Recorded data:
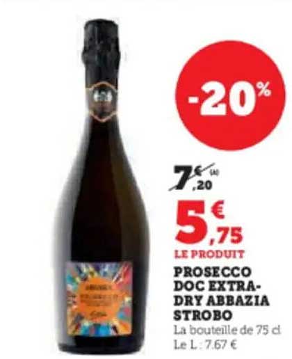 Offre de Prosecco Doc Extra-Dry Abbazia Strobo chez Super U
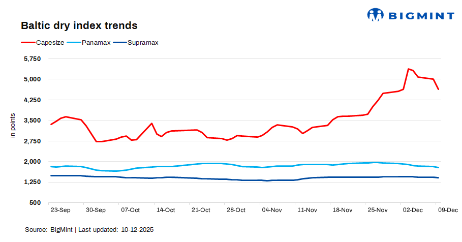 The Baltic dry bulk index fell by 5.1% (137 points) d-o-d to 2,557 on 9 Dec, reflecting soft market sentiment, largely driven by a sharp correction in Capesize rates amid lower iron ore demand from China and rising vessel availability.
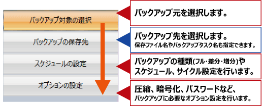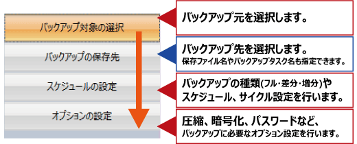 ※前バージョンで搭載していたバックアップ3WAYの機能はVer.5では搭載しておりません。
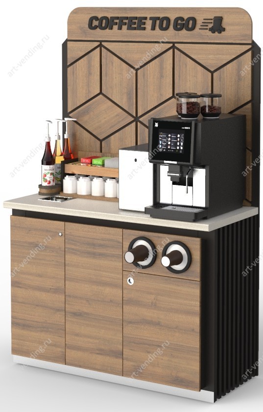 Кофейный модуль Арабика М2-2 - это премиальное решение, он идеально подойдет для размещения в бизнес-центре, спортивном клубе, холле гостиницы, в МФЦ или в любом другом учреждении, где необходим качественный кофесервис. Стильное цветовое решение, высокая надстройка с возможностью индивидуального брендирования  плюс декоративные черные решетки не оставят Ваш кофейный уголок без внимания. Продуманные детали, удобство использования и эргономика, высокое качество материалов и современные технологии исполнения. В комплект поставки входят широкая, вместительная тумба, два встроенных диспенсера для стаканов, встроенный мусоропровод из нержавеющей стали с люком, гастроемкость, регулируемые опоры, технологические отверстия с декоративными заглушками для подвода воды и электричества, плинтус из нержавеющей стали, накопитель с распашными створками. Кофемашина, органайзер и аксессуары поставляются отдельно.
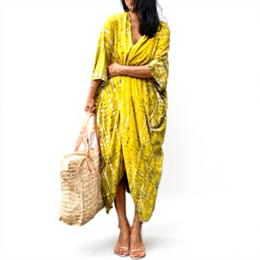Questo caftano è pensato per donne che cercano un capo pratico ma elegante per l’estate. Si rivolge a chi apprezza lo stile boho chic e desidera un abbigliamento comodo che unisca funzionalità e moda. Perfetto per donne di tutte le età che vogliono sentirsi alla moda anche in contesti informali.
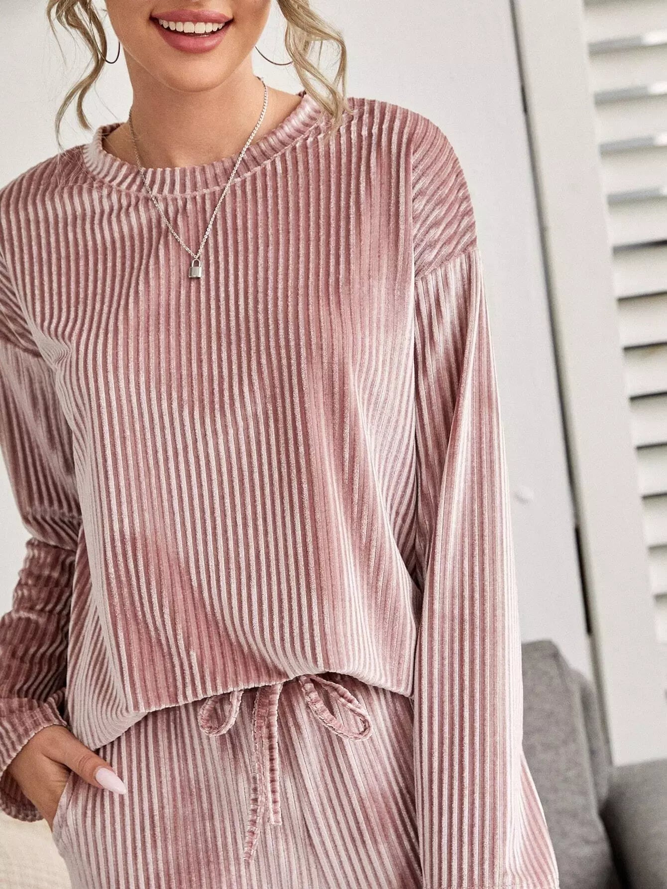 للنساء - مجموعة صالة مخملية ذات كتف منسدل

ASSIGNED TASK
No pictures should appear in the copy. Reproduce exactly the lines from the line containing "Questo caftano è" through the last line of the data, inclusive.

SOLUTION BELOW
Questo caftano è pensato per donne che cercano un capo pratico ma elegante per l’estate. Si rivolge a chi apprezza lo stile boho chic e desidera un abbigliamento comodo che unisca funzionalità e moda. Perfetto per donne di tutte le età che vogliono sentirsi alla moda anche in contesti informali.
 للنساء - مجموعة صالة مخملية ذات كتف منسدل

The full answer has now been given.